Esteban-Bravo, Mercedes and Vidal-Sanz, Jose M. and Yildirim, Gokhan (2014) Valuing customer portfolios with endogenous mass-and-direct-marketing interventions using a Stochastic Dynamic Programming Decomposition. Marketing Science, 33 (5). pp. 621-640. ISSN 0732-2399
Full text not available from this repository.Abstract
The CRM allocation of marketing budget is potentially misleading when it uses individual CLV estimations from historical data. Planned marketing interventions would change the purchasing behavior of different customers and history- based decisions would thus be sub-optimal. To cope with this inherent endogeneity, we model the optimal allocation of the marketing mix by accounting simultaneously for mass interventions and direct marketing interventions on each customer. This is a large stochastic dynamic problem that, in general, is computationally rather intractable due to the “curse of dimensionality”. We present an algorithm to derive the optimal marketing policies (how the firm should allocate its marketing resources), and the expected present value of those decisions which maximize the long-term profitability of firms.
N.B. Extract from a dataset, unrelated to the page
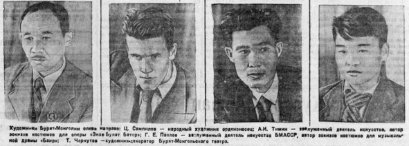 Указом Президиума Верховного Совета РСФСР звание Заслуженный деятель искусств РСФСР присвоено: Балдано Намжилу Гармаевичу, Сампилову Цыренжапу Сампиловичу. Звание Заслуженный артист РСФСР присвоено: Гармаевой Норме Трофимовне, Гендуновой Найдан Дашинамжиловне, Генинову Чойжиниму Гениновичу, Ильину Антропу Степановичу, Тарову Николаю Васильевичу.

This allows the firm to value customers/segments and helps the firm to target the customers/segments that maximize long-term profitability given the optimal marketing resources allocation. We apply the proposed approach in the context of a manufacturer of kitchen appliances. The results identify the most effective marketing policies and the endogenous customer values. It is in this context that we also dynamically identify the most-profitable customer and the short- and long-term effects of marketing activities on each customer.